Fine-Tuning Workflows & Best Practices: A Practical Guide for LLM Customization
Comprehensive guide to fine-tuning LLMs including LoRA, QLoRA, and full fine-tuning. Covers data preparation, hyperparameter selection, evaluation strategies, common pitfalls, and 2025 tools like Unsloth, Axolotl, and LLaMA-Factory.
Table of Contents
Fine-Tuning Workflows & Best Practices
Fine-tuning transforms general-purpose LLMs into specialized tools for your specific use case. A 7B model fine-tuned on your domain data can outperform a 70B general model for your tasks—while being faster and cheaper to run. But fine-tuning done poorly wastes compute, degrades quality, or creates models that fail in production.
This guide provides practical workflows for fine-tuning LLMs: when to fine-tune, data preparation, choosing between LoRA and full fine-tuning, hyperparameter selection, evaluation, and the 2025 tool landscape.
When to Fine-Tune
Fine-tuning is powerful but not always necessary. Start by testing with LoRA or QLoRA first; if it won't work there, it almost certainly won't work with full fine-tuning.
Good Candidates for Fine-Tuning
Domain-specific vocabulary and concepts: Medical, legal, financial, and technical domains have specialized terminology that general models handle poorly.

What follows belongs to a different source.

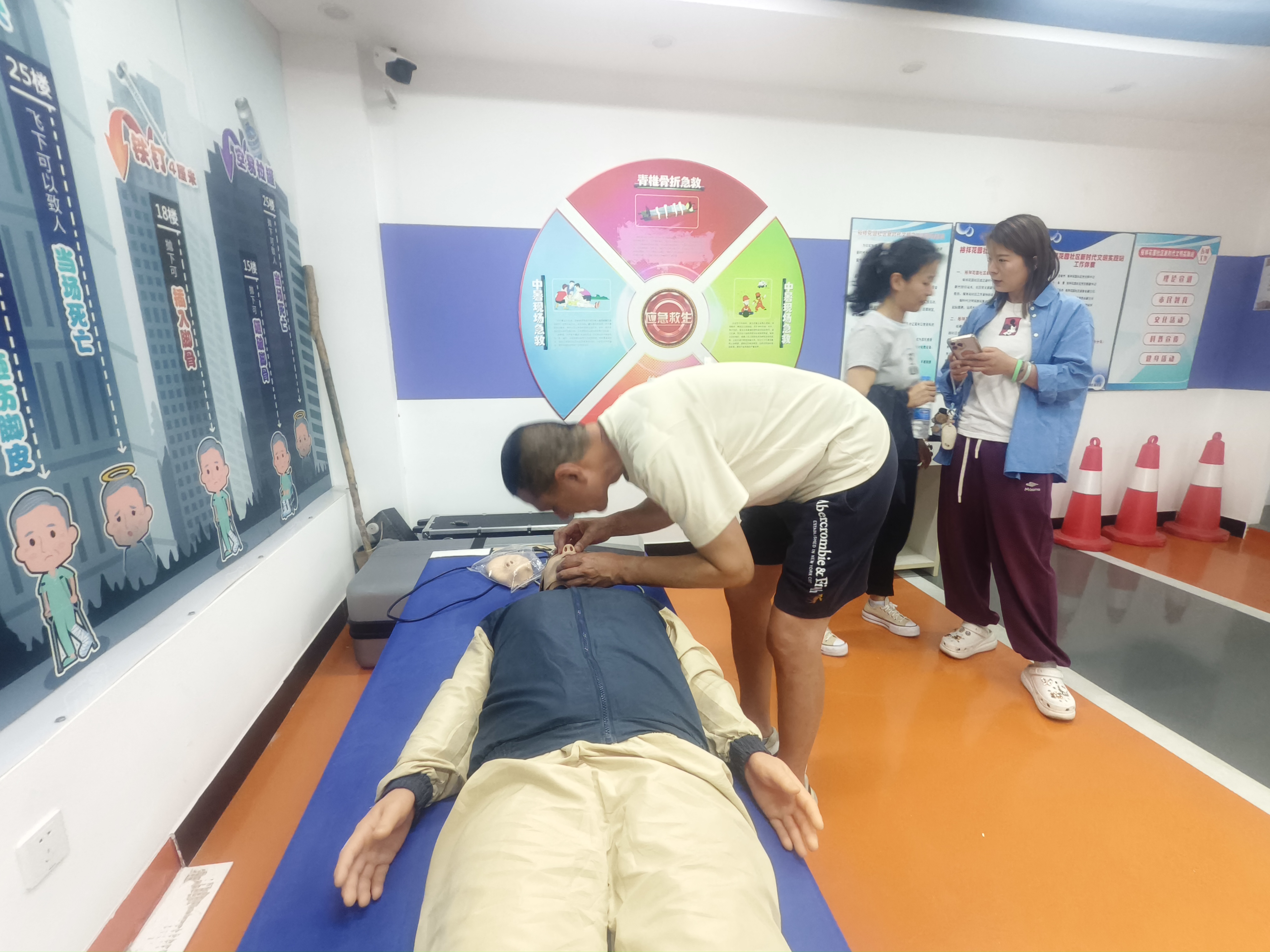 接着,在急救体验区,工作人员为大家细致讲解心肺复苏的操作步骤和要点,指导大家通过实操练习熟练掌握心肺复苏技能。此外,工作人员还演示了海姆立克急救法,让大家掌握这项关键时刻能救命的技能。
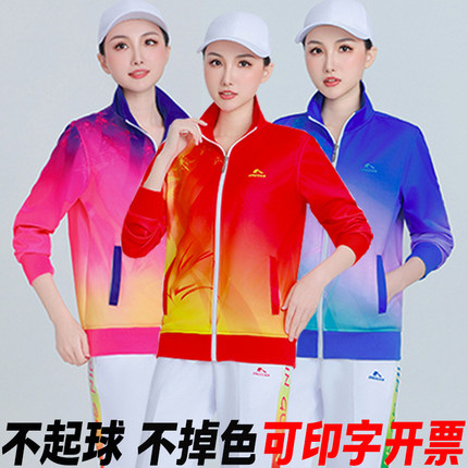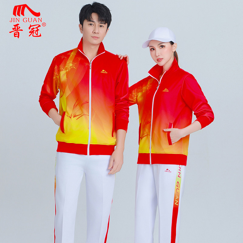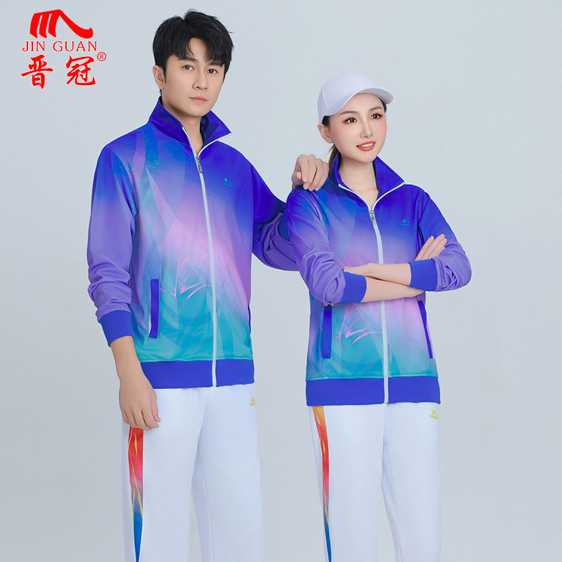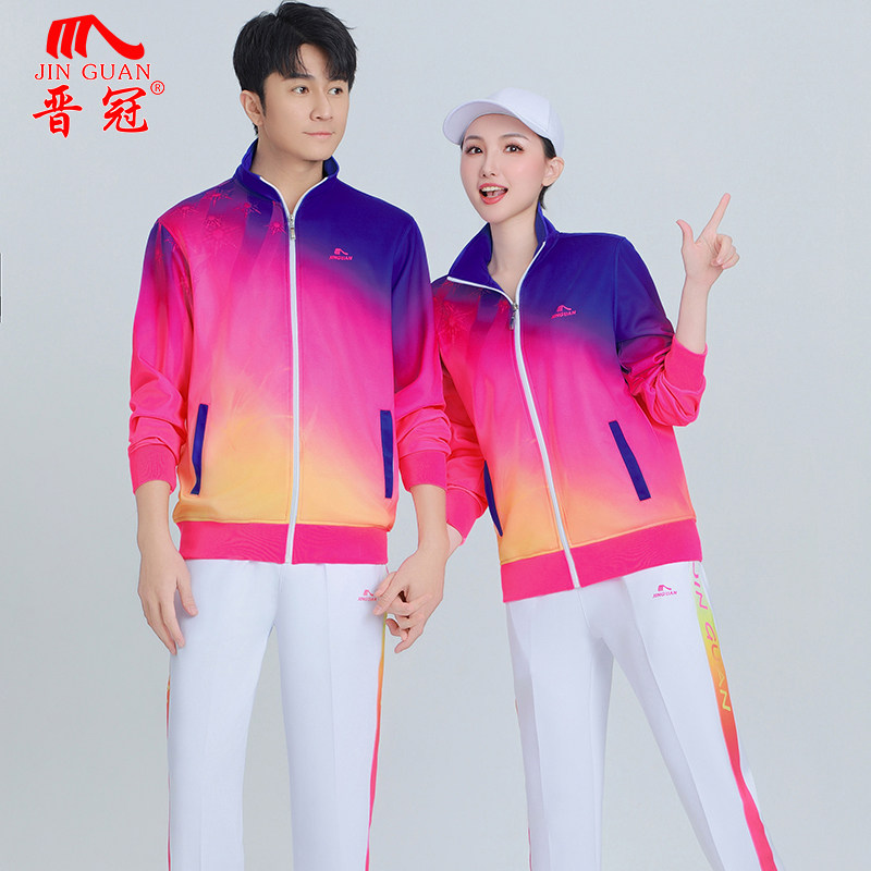 晋冠渐变色印花长袖运动服套装男女佳木斯广场舞中老年团体三件套

Fine-tuning teaches the model your domain's language.
Consistent output format: If you need structured outputs in a specific format—particular JSON schemas, report templates, or code styles—fine-tuning enforces consistency better than prompting.
Persona and tone: Enterprise assistants, brand voices, and specialized interaction styles benefit from fine-tuning. The model internalizes the persona rather than requiring elaborate prompts.
Task-specific behavior: When you need the model to excel at a narrow task (classification, extraction, summarization in your domain), fine-tuning focuses its capabilities.
Poor Candidates for Fine-Tuning
Knowledge injection: Fine-tuning doesn't reliably teach new facts. For knowledge updates, use RAG instead.
Simple instructions: If few-shot prompting achieves your goal, fine-tuning adds unnecessary complexity.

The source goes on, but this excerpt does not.